Source data:
=== Begin Enclosure ===
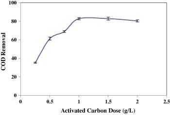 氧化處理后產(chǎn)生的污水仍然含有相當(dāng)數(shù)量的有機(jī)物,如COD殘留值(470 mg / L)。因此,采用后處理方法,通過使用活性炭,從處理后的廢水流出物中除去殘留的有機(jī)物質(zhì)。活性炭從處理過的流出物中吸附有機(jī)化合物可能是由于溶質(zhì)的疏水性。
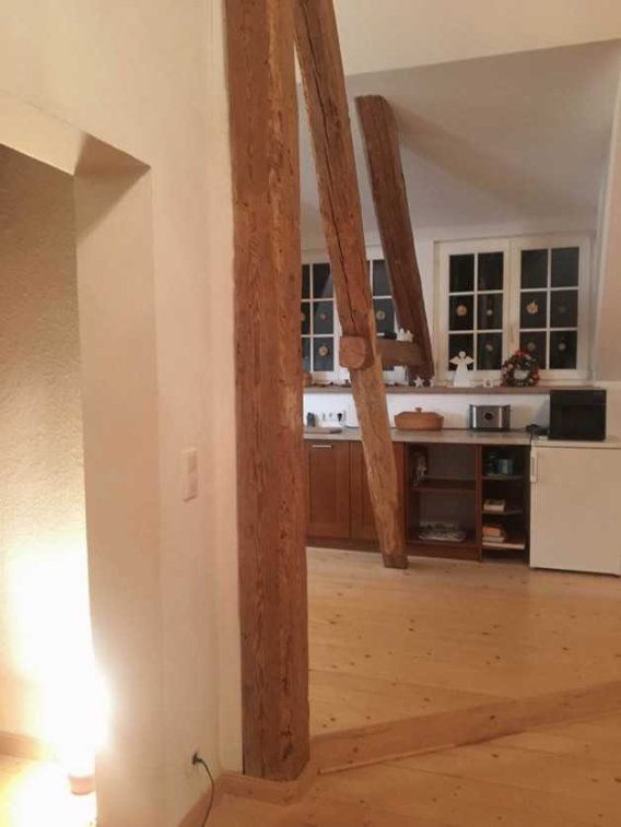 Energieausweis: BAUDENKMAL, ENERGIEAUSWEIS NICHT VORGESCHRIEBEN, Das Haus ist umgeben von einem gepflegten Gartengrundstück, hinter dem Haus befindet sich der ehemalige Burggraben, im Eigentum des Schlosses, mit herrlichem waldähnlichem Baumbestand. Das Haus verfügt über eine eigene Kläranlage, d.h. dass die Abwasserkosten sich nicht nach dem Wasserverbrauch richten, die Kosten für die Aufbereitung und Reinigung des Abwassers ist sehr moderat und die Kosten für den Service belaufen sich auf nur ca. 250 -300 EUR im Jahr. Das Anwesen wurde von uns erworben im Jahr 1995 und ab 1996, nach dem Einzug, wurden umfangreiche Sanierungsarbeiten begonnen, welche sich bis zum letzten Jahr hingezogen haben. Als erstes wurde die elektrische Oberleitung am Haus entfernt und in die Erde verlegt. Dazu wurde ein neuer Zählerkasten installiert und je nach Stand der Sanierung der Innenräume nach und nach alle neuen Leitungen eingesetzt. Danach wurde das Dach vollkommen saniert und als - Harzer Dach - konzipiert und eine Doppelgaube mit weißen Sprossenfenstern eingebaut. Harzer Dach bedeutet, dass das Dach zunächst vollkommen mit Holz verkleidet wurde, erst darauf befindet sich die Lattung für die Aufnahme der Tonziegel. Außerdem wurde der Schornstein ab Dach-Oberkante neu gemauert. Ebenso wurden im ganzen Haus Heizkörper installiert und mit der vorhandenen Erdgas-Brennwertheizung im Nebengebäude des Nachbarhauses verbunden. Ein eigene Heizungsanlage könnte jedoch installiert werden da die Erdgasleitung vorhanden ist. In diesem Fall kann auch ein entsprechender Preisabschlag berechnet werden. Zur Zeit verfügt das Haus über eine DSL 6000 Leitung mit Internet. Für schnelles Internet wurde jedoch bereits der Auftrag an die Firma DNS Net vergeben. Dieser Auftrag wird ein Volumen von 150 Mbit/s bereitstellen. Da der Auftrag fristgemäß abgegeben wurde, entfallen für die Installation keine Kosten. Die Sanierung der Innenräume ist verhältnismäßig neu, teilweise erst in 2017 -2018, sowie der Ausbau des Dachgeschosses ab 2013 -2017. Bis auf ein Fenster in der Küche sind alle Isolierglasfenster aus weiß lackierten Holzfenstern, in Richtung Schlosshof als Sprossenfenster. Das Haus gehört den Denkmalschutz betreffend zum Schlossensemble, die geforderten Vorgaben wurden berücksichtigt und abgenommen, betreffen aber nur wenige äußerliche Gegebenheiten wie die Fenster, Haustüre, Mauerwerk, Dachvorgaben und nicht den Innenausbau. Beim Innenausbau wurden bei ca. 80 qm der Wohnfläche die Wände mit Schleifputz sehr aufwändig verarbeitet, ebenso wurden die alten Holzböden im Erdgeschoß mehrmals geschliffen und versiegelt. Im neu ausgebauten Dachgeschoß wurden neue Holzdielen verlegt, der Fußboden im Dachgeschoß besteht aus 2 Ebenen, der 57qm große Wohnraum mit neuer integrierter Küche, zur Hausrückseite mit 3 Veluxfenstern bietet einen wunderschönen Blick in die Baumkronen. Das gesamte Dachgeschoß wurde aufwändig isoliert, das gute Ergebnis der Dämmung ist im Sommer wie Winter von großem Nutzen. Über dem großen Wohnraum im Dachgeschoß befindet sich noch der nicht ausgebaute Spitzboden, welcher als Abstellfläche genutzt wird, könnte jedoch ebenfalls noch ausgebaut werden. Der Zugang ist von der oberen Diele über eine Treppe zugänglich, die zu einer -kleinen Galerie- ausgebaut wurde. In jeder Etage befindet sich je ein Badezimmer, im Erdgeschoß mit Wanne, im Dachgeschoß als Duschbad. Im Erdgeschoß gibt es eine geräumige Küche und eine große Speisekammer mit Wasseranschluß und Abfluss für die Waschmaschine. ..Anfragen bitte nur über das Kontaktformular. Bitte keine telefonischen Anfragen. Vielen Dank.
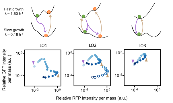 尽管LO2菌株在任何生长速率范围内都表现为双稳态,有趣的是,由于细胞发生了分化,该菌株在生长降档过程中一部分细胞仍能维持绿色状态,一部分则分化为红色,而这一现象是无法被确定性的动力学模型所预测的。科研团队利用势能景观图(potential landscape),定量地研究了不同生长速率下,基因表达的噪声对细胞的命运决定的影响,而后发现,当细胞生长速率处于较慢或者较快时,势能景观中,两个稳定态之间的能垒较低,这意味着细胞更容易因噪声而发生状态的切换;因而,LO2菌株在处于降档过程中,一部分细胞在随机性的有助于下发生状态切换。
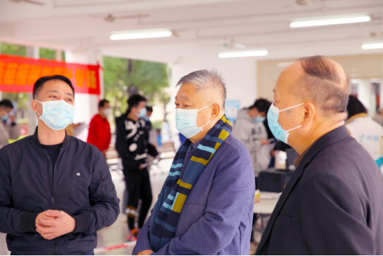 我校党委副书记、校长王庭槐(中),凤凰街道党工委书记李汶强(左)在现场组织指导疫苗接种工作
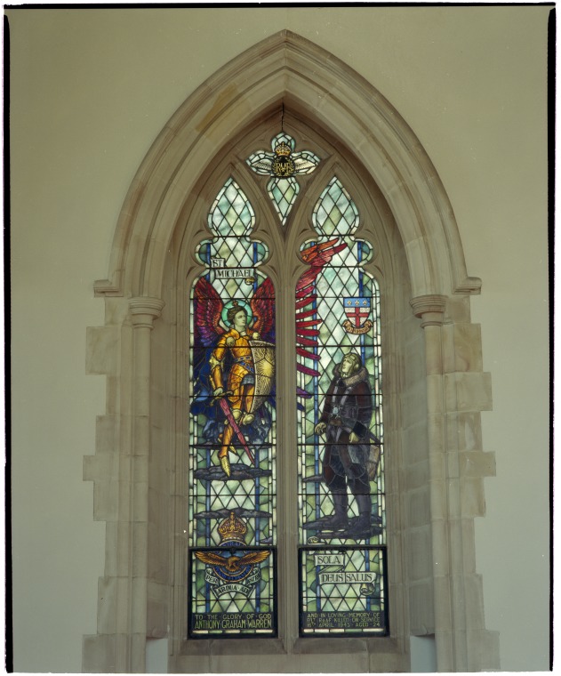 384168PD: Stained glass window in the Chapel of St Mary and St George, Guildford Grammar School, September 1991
=== End Enclosure ===
To do: Each line above should be printed again exactly, though the pictures should not be.

Output of the exercise:
 氧化處理后產(chǎn)生的污水仍然含有相當(dāng)數(shù)量的有機(jī)物,如COD殘留值(470 mg / L)。因此,采用后處理方法,通過使用活性炭,從處理后的廢水流出物中除去殘留的有機(jī)物質(zhì)。活性炭從處理過的流出物中吸附有機(jī)化合物可能是由于溶質(zhì)的疏水性。
 Energieausweis: BAUDENKMAL, ENERGIEAUSWEIS NICHT VORGESCHRIEBEN, Das Haus ist umgeben von einem gepflegten Gartengrundstück, hinter dem Haus befindet sich der ehemalige Burggraben, im Eigentum des Schlosses, mit herrlichem waldähnlichem Baumbestand. Das Haus verfügt über eine eigene Kläranlage, d.h. dass die Abwasserkosten sich nicht nach dem Wasserverbrauch richten, die Kosten für die Aufbereitung und Reinigung des Abwassers ist sehr moderat und die Kosten für den Service belaufen sich auf nur ca. 250 -300 EUR im Jahr. Das Anwesen wurde von uns erworben im Jahr 1995 und ab 1996, nach dem Einzug, wurden umfangreiche Sanierungsarbeiten begonnen, welche sich bis zum letzten Jahr hingezogen haben. Als erstes wurde die elektrische Oberleitung am Haus entfernt und in die Erde verlegt. Dazu wurde ein neuer Zählerkasten installiert und je nach Stand der Sanierung der Innenräume nach und nach alle neuen Leitungen eingesetzt. Danach wurde das Dach vollkommen saniert und als - Harzer Dach - konzipiert und eine Doppelgaube mit weißen Sprossenfenstern eingebaut. Harzer Dach bedeutet, dass das Dach zunächst vollkommen mit Holz verkleidet wurde, erst darauf befindet sich die Lattung für die Aufnahme der Tonziegel. Außerdem wurde der Schornstein ab Dach-Oberkante neu gemauert. Ebenso wurden im ganzen Haus Heizkörper installiert und mit der vorhandenen Erdgas-Brennwertheizung im Nebengebäude des Nachbarhauses verbunden. Ein eigene Heizungsanlage könnte jedoch installiert werden da die Erdgasleitung vorhanden ist. In diesem Fall kann auch ein entsprechender Preisabschlag berechnet werden. Zur Zeit verfügt das Haus über eine DSL 6000 Leitung mit Internet. Für schnelles Internet wurde jedoch bereits der Auftrag an die Firma DNS Net vergeben. Dieser Auftrag wird ein Volumen von 150 Mbit/s bereitstellen. Da der Auftrag fristgemäß abgegeben wurde, entfallen für die Installation keine Kosten. Die Sanierung der Innenräume ist verhältnismäßig neu, teilweise erst in 2017 -2018, sowie der Ausbau des Dachgeschosses ab 2013 -2017. Bis auf ein Fenster in der Küche sind alle Isolierglasfenster aus weiß lackierten Holzfenstern, in Richtung Schlosshof als Sprossenfenster. Das Haus gehört den Denkmalschutz betreffend zum Schlossensemble, die geforderten Vorgaben wurden berücksichtigt und abgenommen, betreffen aber nur wenige äußerliche Gegebenheiten wie die Fenster, Haustüre, Mauerwerk, Dachvorgaben und nicht den Innenausbau. Beim Innenausbau wurden bei ca. 80 qm der Wohnfläche die Wände mit Schleifputz sehr aufwändig verarbeitet, ebenso wurden die alten Holzböden im Erdgeschoß mehrmals geschliffen und versiegelt. Im neu ausgebauten Dachgeschoß wurden neue Holzdielen verlegt, der Fußboden im Dachgeschoß besteht aus 2 Ebenen, der 57qm große Wohnraum mit neuer integrierter Küche, zur Hausrückseite mit 3 Veluxfenstern bietet einen wunderschönen Blick in die Baumkronen. Das gesamte Dachgeschoß wurde aufwändig isoliert, das gute Ergebnis der Dämmung ist im Sommer wie Winter von großem Nutzen. Über dem großen Wohnraum im Dachgeschoß befindet sich noch der nicht ausgebaute Spitzboden, welcher als Abstellfläche genutzt wird, könnte jedoch ebenfalls noch ausgebaut werden. Der Zugang ist von der oberen Diele über eine Treppe zugänglich, die zu einer -kleinen Galerie- ausgebaut wurde. In jeder Etage befindet sich je ein Badezimmer, im Erdgeschoß mit Wanne, im Dachgeschoß als Duschbad. Im Erdgeschoß gibt es eine geräumige Küche und eine große Speisekammer mit Wasseranschluß und Abfluss für die Waschmaschine. ..Anfragen bitte nur über das Kontaktformular. Bitte keine telefonischen Anfragen. Vielen Dank.
 尽管LO2菌株在任何生长速率范围内都表现为双稳态,有趣的是,由于细胞发生了分化,该菌株在生长降档过程中一部分细胞仍能维持绿色状态,一部分则分化为红色,而这一现象是无法被确定性的动力学模型所预测的。科研团队利用势能景观图(potential landscape),定量地研究了不同生长速率下,基因表达的噪声对细胞的命运决定的影响,而后发现,当细胞生长速率处于较慢或者较快时,势能景观中,两个稳定态之间的能垒较低,这意味着细胞更容易因噪声而发生状态的切换;因而,LO2菌株在处于降档过程中,一部分细胞在随机性的有助于下发生状态切换。
 我校党委副书记、校长王庭槐(中),凤凰街道党工委书记李汶强(左)在现场组织指导疫苗接种工作
 384168PD: Stained glass window in the Chapel of St Mary and St George, Guildford Grammar School, September 1991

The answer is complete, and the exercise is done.